A singular command center, currently in Jacksonville, Fla., is staffed 24x7. “We did have to negotiate some 300 payer agreements to make sure that as there was regional variation or payer-to-payer variation, that there would be a methodology, maybe a bundle, or maybe this idea that we are going to offer this set of services where we ultimately experience less cost with the same outcomes that made it very attractive for a payer to reimburse.”

Mayo Clinic had to figure out staffing numbers — how many nurses and how many doctors — and what alerts and reminders needed immediate action. “These are things that our command center today is mastering in a highly scalable model, increasing our rollout to the point where from Jacksonville we are overseeing the Florida geography, the Wisconsin geography and this week, we're rolling out in the Arizona geography."

Speaking about the interoperability of remote patient monitoring solutions, Halamka said that unfortunately, many devices that are on the market today don't follow widely accepted standards. “You have the challenge of getting these high-velocity continuous signals from the home into a standard form and then transmitting them robustly into the social platform.
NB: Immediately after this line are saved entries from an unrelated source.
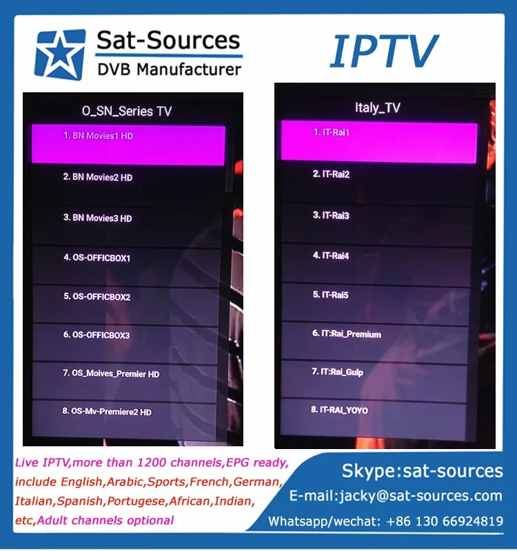| African IPTV: | 115 Channels; | French IPTV: | 131 Channels; |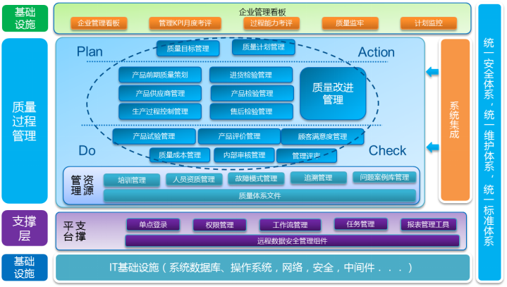 實現(xiàn)質(zhì)量業(yè)務(wù)流程的有效運行: 通過基于流程的、電子化及網(wǎng)絡(luò)化的工作平臺,實現(xiàn)質(zhì)量管理工作的動態(tài)協(xié)同,提高質(zhì)量工作的規(guī)范性和工作效率,保證質(zhì)量管理體系的充分性、適宜性和持續(xù)有效性;實現(xiàn)質(zhì)量信息的有效整合: 實現(xiàn)信息化系統(tǒng)之間的無縫集成,改變質(zhì)量信息被割裂的現(xiàn)狀,消除信息孤島,保證質(zhì)量信息的完整性、關(guān)聯(lián)性和系統(tǒng)性,為質(zhì)量信息的有效應(yīng)用提供堅實的保障;實現(xiàn)質(zhì)量信息的高效應(yīng)用: 借助信息化的優(yōu)勢,實現(xiàn)對質(zhì)量數(shù)據(jù)的全面采集、快速查詢、多維對分析、準確追溯及靈活打包,充分挖掘數(shù)據(jù)價值,實現(xiàn)質(zhì)量數(shù)據(jù)應(yīng)用,保證質(zhì)量管理體系的持續(xù)有效性;實現(xiàn)產(chǎn)品全壽命周期的質(zhì)量控制: 利用計算機技術(shù),協(xié)助設(shè)計質(zhì)量、供方質(zhì)量、生產(chǎn)質(zhì)量及售后質(zhì)量管理,實現(xiàn)質(zhì)量信息的貫通和匯總,過程及質(zhì)量管理體系的持續(xù)改進提供堅實的數(shù)據(jù)保障;實現(xiàn)實時的質(zhì)量協(xié)同監(jiān)控和質(zhì)量決策: 通過質(zhì)量信息在企業(yè)各管理層之間的縱向貫通、傳遞和反饋,為企業(yè)高層領(lǐng)導(dǎo)提供質(zhì)量協(xié)同、監(jiān)控及決策手段,對影響質(zhì)量的關(guān)鍵因素的判讀及正確質(zhì)量決策的制定。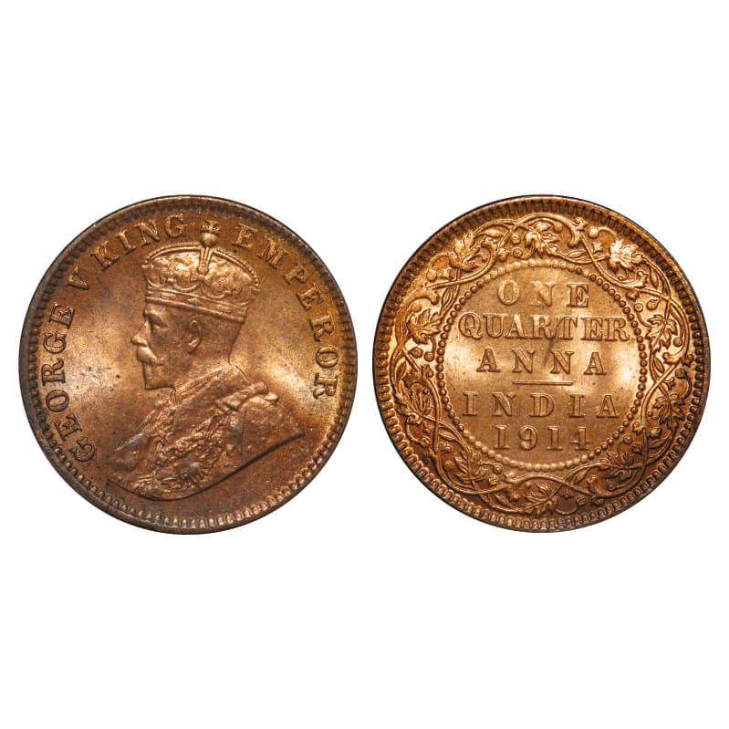George V, Bronze, Quarter Anna, 1914, Calcutta Mint, No dot. F. Prid 660. GK 1174. Brilliant Uncirculated. Very Scarce.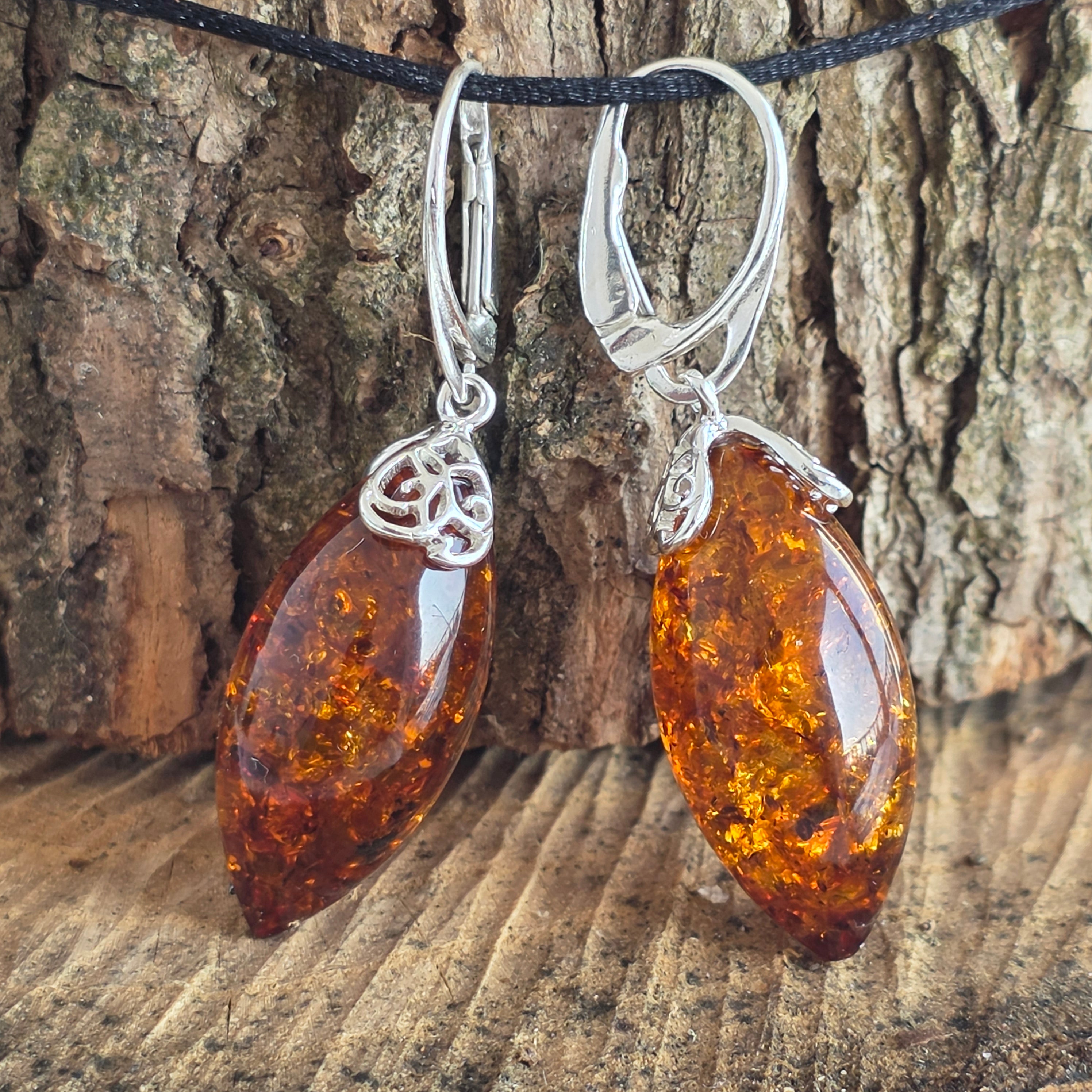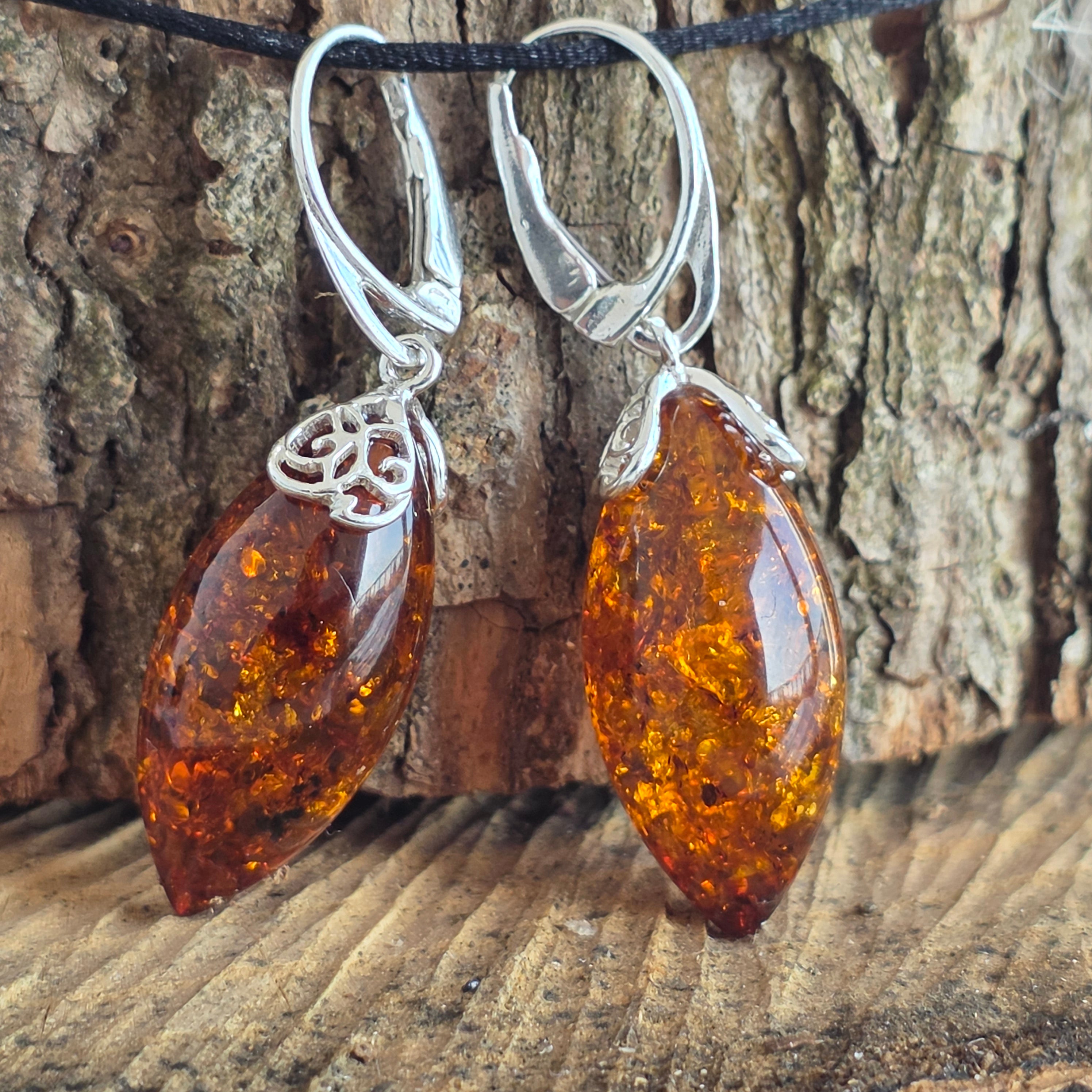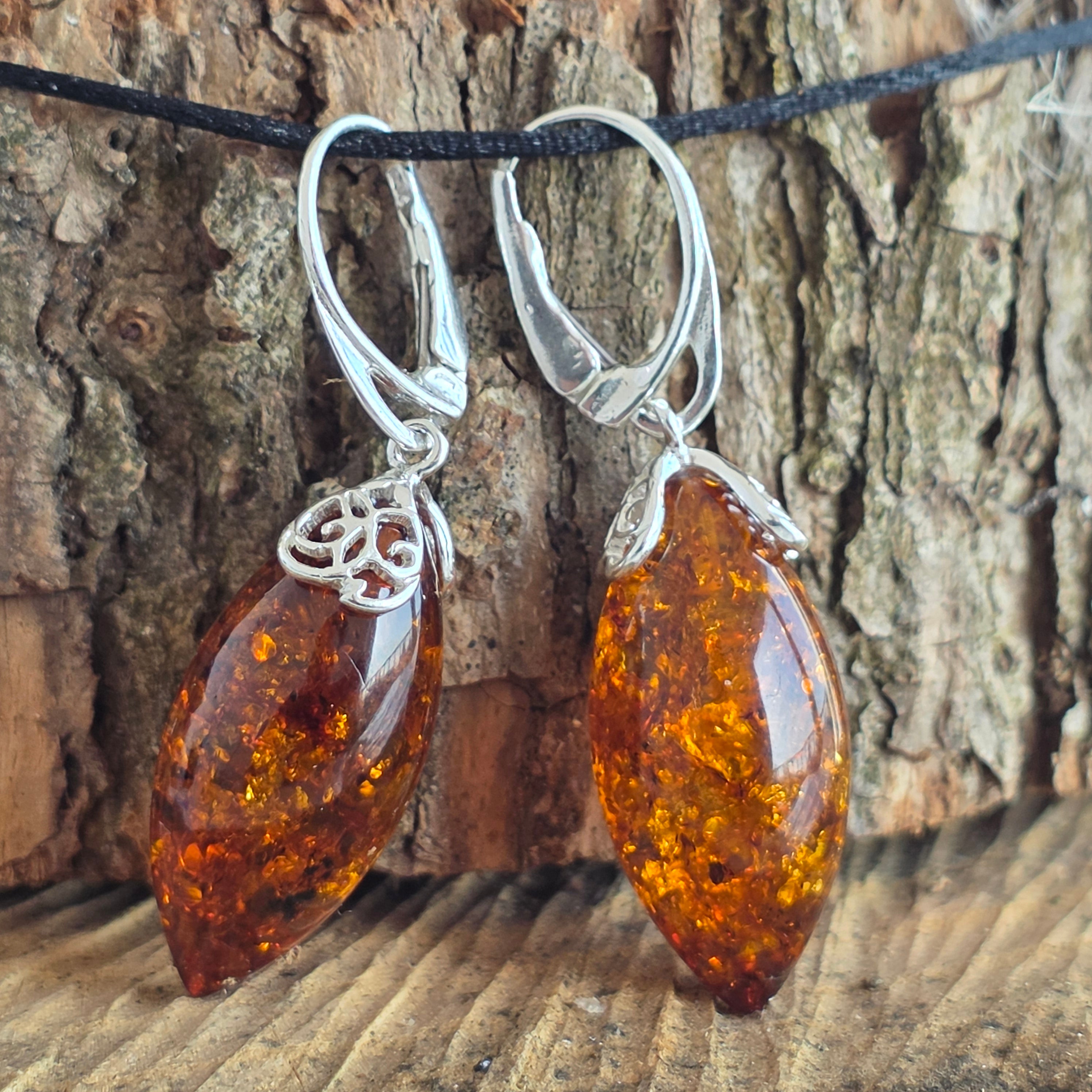 Opis - Srebro z bursztynowymi kolczykami Bursztyn7

Mayo Clinic is working with Medically Home, a Boston-based technology-enabled services company, as its implementation partner. He said Mayo seamlessly and bidirectionally integrated Epic with the platform for selected data elements, “so that there was not a lot of having to hunt in two different places and having to manually re-key information.”

What has been the result? “We have been able to see a very large number of patients and achieve the same outcomes, the same safety, same quality, reduce readmission rates, and have Net Promoter scores that are higher than anything that has actually been achieved in a bricks and mortar facility,” Halamka said. “Part of the reason, he suggested is because you're taking a look at the whole patient and the whole family and bringing them back to health.

“About 30 percent of hospitalized patients, by our experience, will do just fine in a nontraditional setting,” Halamka said, “and they will do so with a great attention to social determinants of health, because as you enter the home, you have to immediately understand things such as their internet connection and the safety of the home and what is the capacity of a community to reach that home.”

He told a story of an 87-year-old patient with hyponatremia. “Typically, this would be a serious and complex illness you'd see in a bricks-and-mortar facility. We found that the 87-year-old husband was a cancer patient, not acutely ill but undergoing treatment," Halamka said. "We found that in order to bring that family back to health, we had to feed the entire family. We ensured the patient did well and the family was supported, and that resulted in a return to wellness sooner with less complications and greater satisfaction.”